‘American Gods’ Director Paco Cabezas Talks Up Atresplayer Series ‘The Gypsy Bride’ and Returning to ‘The Umbrella Academy’

Murky blue- brown images, bringing to mind a Lorca play developed for today’s premium TV audience, fill the screen in the trailer for “The Gypsy Bride,” from “Penny Dreadful” director Paco Cabezas, which world premiered at the San Sebastián Film Festival.

The fiction is produced by ViacomCBS International Studios (VIS), with the participation of Atresmedia Televisión, and in collaboration with Diagonal TV.

As well as presenting the first season of the series at the Spanish-speaking world’s highest-profile festival, Cabezas, the show’s creator and director had something else to celebrate on Wednesday. 

The show, which premieres on Sept. 25 on Atresplayer Premium, the ebullient OTT service of broadcast network Atresmedia, has renewed “The Gypsy Bride” (“La Novia Gitana”) for a second season. 

The Seville-born director sat down with Variety to talk about creating he eight-part Season 1 of “The Gypsy Bride,”shot inside the Madrid gypsy community, Spain’s largest, and how he went from busking on the Madrid subway to meetings with Steven Spielberg, after a near-fatal car crash.

“It’s a very violent show,” he said, speaking about ‘The Gypsy Bride.” “But at the same time, it’s very beautiful. It’s rooted in gypsy culture, and I use real gypsy actors. We feature different flamenco artists in each episode. Lorca is a good comparison because flamenco is also rooted in tragedy.

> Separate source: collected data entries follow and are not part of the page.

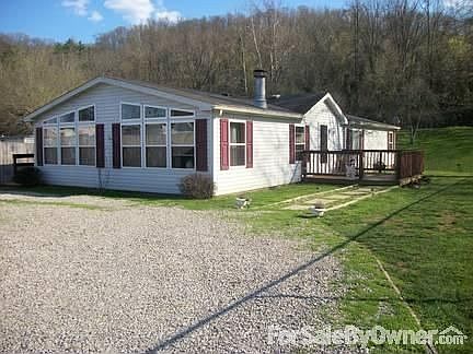 3 bedrooms and 2.5 baths.  Has a wood burning fireplace for the chilly romantic evenings. Kitchen has an eat-in dining area that has an open floor plan to a nice size family room. It also has a nice cozy living room that leads to the bedrooms. The master bedroom has a nice large master bathroom with a corner shower and garden tub. Plenty of closet space. It has a new hot water heater. The dishwasher is one year old, but rarely used. The home also has three skylights. It has a nice deck off the back the catches the sliding glass door and the back door that leads to the laundry room. It also has a nice deck on the front of the house.. The home sits on approx. 1/3 of an acre. $85000. By appt. only. Letter of Pre-Approval required. Any questions feel free to call. (304) 483-4405.Additional property info: http://www.forsalebyowner.com/listing/F5181?provider_id=28079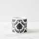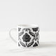 A vintage style decorative damask surface pattern influenced by rococo classical design in black detail on a white background.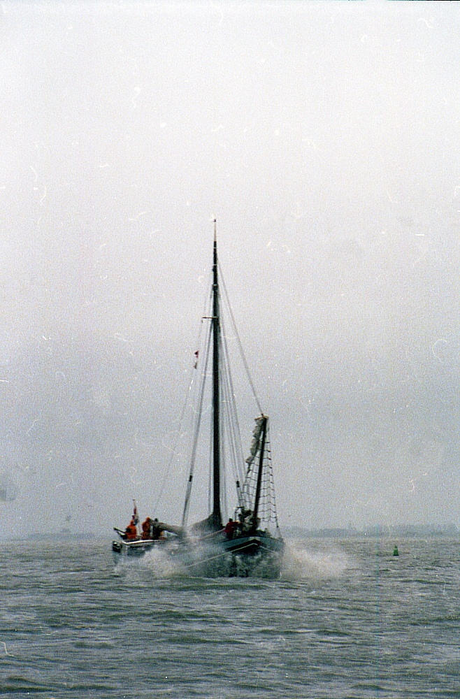 De eindeloze vlakte van het IJsselmeer, ergens tussen Workum en Medemblik, op een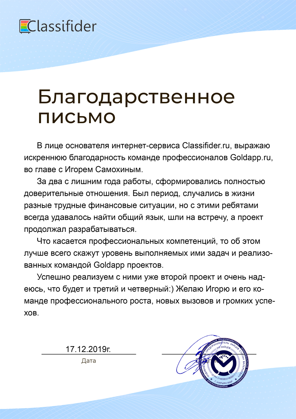 Веб-агентство GoldApp работает на рынке IT разработки с 2011 года. Я, как Founder компании и в прошлом веб-разработчик, привлекаю в команду только людей с реальным опытом в IT и склонностью к реализации собственных идей и стартапов. Являюсь CTO и адвайзером в нескольких блокчейн стартапах.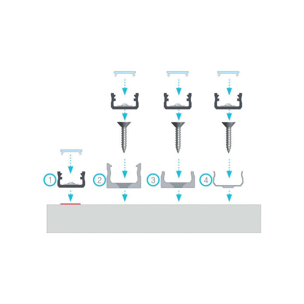 Алуминиевият профил Lumines A е профил за повърхностен монтаж с минималистични размери, предназначен за лесен и бърз монтаж на труднодостъпни места. Идеален е за дискретно осветление в кухни, магазини и осветителни плотове, парапети. Lumines A е идеално подходящ за декоративно фоново осветление в мебели и интериорни декорации.
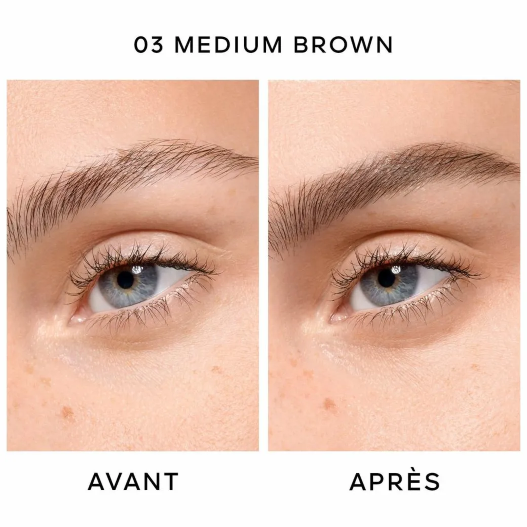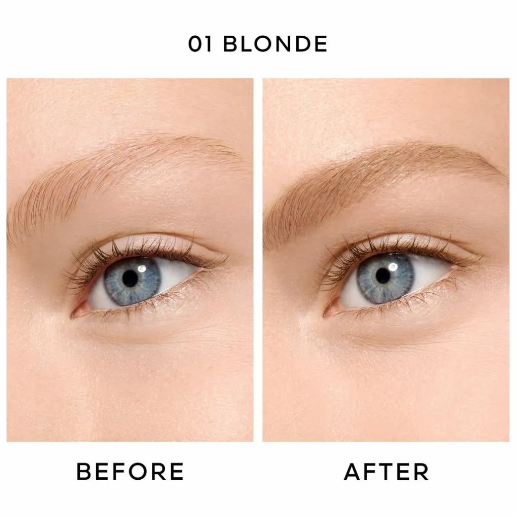 For naturally defined eyebrows, draw micro-strokes in the direction of hair growth with the fine tip of Brow G, then brush them on to blend the material and mimic the natural texture of eyebrows.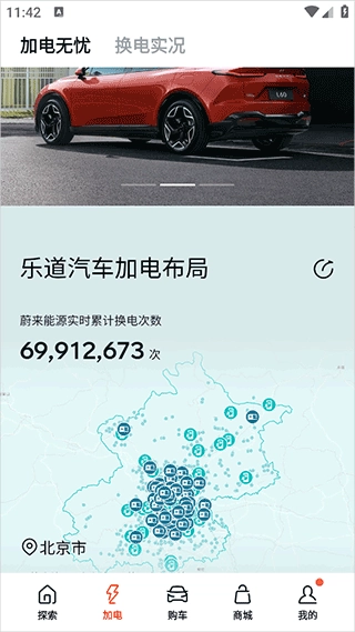 4、加电无忧功能让用户全面了解补能体系,观看换电视频,了解换电优势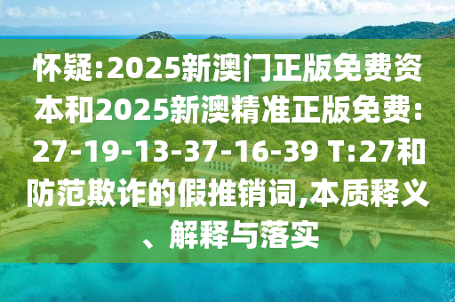 2025新澳門正版免費(fèi)資本”和“2025新澳精準(zhǔn)正版免費(fèi):27-19-13-37-16-39 T:27”等關(guān)鍵詞的本質(zhì)釋義、解釋與落實(shí),以及防范欺詐的假宣傳,以下是我的文章。
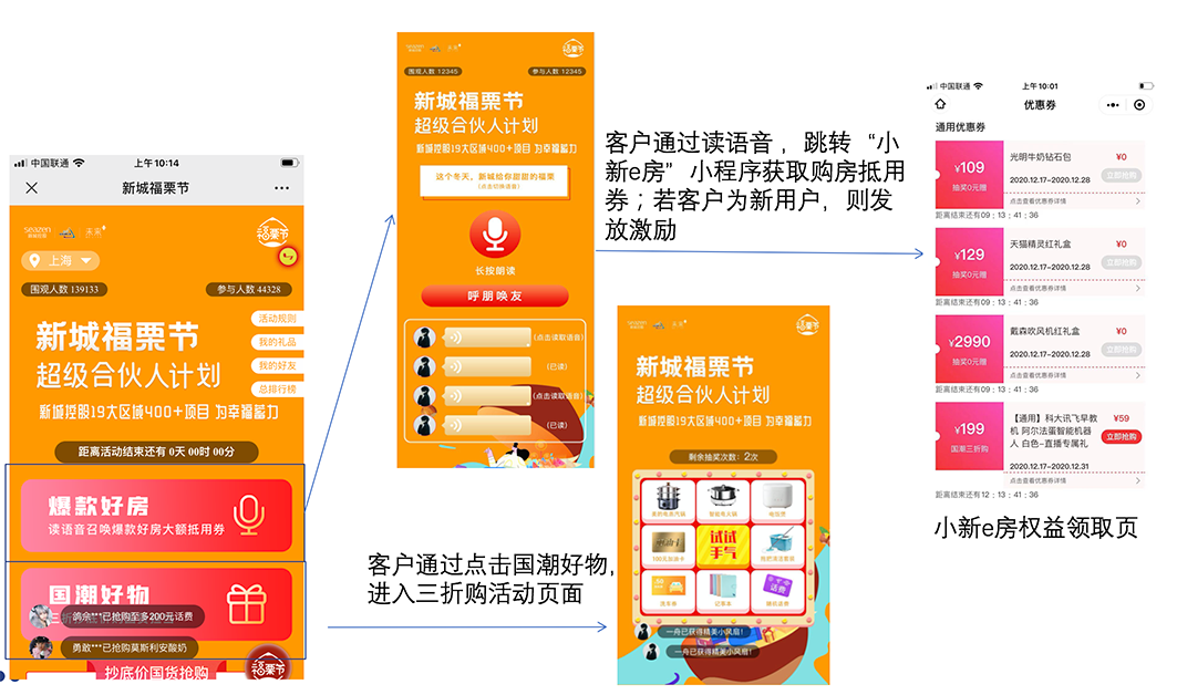 总计带来了50万+的浏览人数,带来7.6万+的分享,最终为新城长三角八大区域公司留存用户资产近20万,获取用户手机6900+组;为小程序导流近4000组(为排重后的新用户)最终成交30组。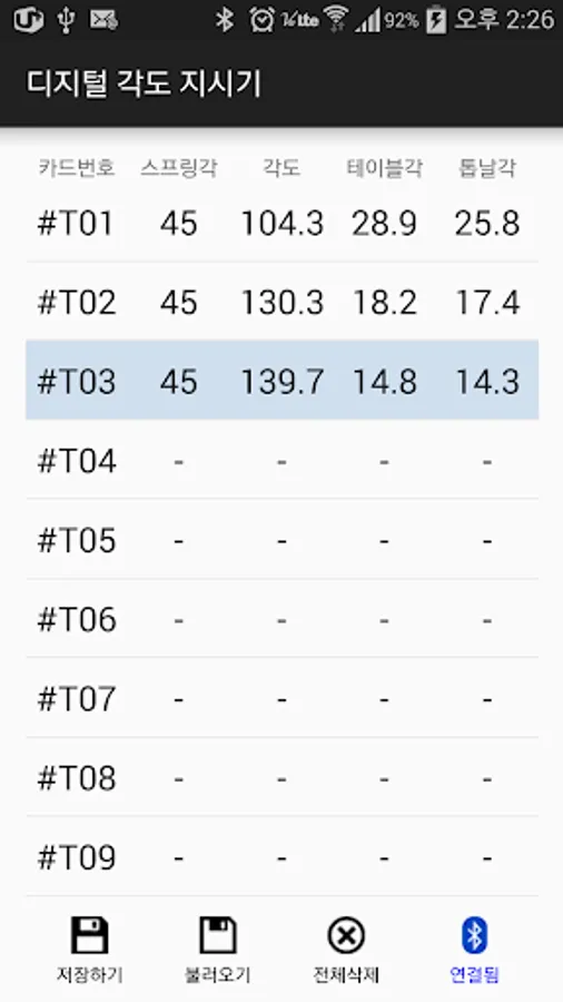 - Using a digital angle of the blade angle indicator table without calculation automatically calculates for each such

As for the show’s look, we used a blue-brown palette to create the look with only the blood and white wedding dress in other colors.”

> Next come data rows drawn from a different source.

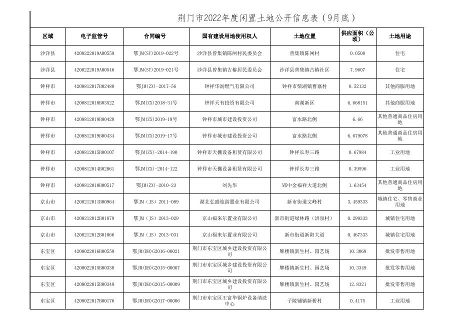 荆门市2022年度闲置土地公开信息表(9月底).xlsx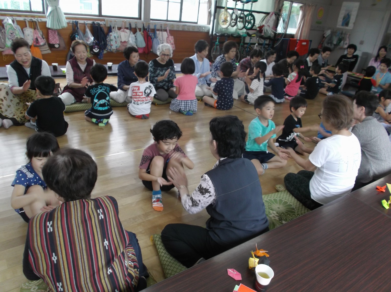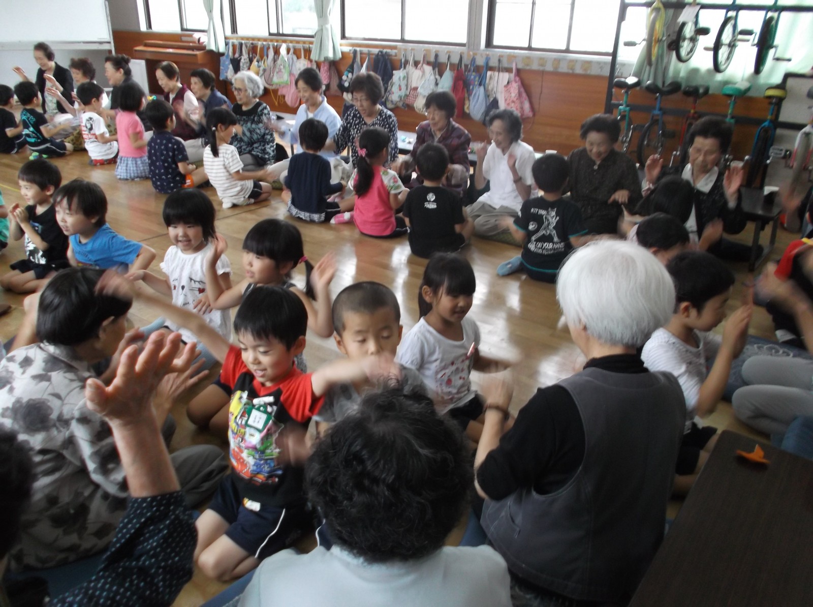 9月26日に町内の敬老会にまねかれ、近くのひまわりクラブの部屋で町内のおいいちゃん達と交流し、遊んだりお話ししたりして楽しいひと時を過ごしました。みなさまいつまでもお元気で!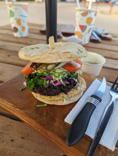 The hummus burger was juicy and meaty and the fresh hummus tasted unreal!

A thriller, “The Gypsy Bride” is set in a gypsy community on Madrid’s outskirts where homicide inspector Elena Blanco, (Nerea Barros, “Marshland”) is called in to investigate a murder of a young gypsy woman just before her wedding. 

The first season is an adaptation of “La Novia,” the first book in “La Novia Gitana,” a crime trilogy written by Carmen Mola (a pseudonym for a writing trío formed by Jorge Díaz, Agustín Martínez and Antonio Mercero).  150,000 copies of the book sold in 10 countries when the book was released in 2018.

Season 2 will adapt the second book in the series, “La red púrpura.”

Raised in Seville, and now based in Madrid, Cabezas confesses to “almost fainting” when his daughter falls and scratches a limb. But he says he’s learned to see fake blood as beautiful, and find a way to interpret violence that gives it meaning.

He spent five intense months putting together the first series without taking a break. “It’s the only way to keep complete creative control,” he said. “The lower the budget the more freedom you have.”

He’s now got his hands full with the second season. He’s also returning to the Netflix show “The Umbrella Academy” for which he’s previously directed several episodes. 

Cabezas has, as well as establishing himself in Spain, notched up a long list of TV and film credits in the U.S., including “American Gods,” “Into The Badlands,” “Fear The Walking Dead” and “Rage” with Nicolas Cage.

But it was his most recent film in Spain, “Adios,” that got him more familiar with the gypsy community in his native Seville.  He made the film after a man living in a van presented him with a script. “I read it and it was just incredible,” he said.

He’s come a long way since busking in the Madrid subway where he would also do some flamenco. 

A near death experience helped propel him forward. 

“At 17, I had a car crash. I was O.K. but as my car was turning in slow motion, I thought I’m going to die a virgin and never make a film. I got right on it,” he said. 

He did film school by working in a video store for five years. His U.S. career took off after his thriller “Neon Flash” played in Tribeca in 2011. 

“I’ve stayed living in Madrid but I go to L.A. and literally do 100 meetings in two weeks,” he says. 

He’s thrilled to work on a new season of the Netflix show “The Umbrella Academy,” but it’s not the same as giving birth to a new creation like “The Gypsy Bride,” he says. 

“Doing a show like ‘Gypsy Bride,’ it’s your baby, and you are the mother,” he said. “When you get brought onto other shows it’s more like you are taking the kids to the arcade then you give them back.”

As for meeting Steven Spielberg. “I worked on ‘Halo’ for Amblin Entertainment,” he said.

And from Madrid, he’s worked for the best of them with “American Gods” (Amazon); “Penny Dreadful,” “Dirk Gently,” “The Alienist” (Netflix); “Fear the Walking Dead,” “Into the Badlands” (AMC); and “The Strain” (FX).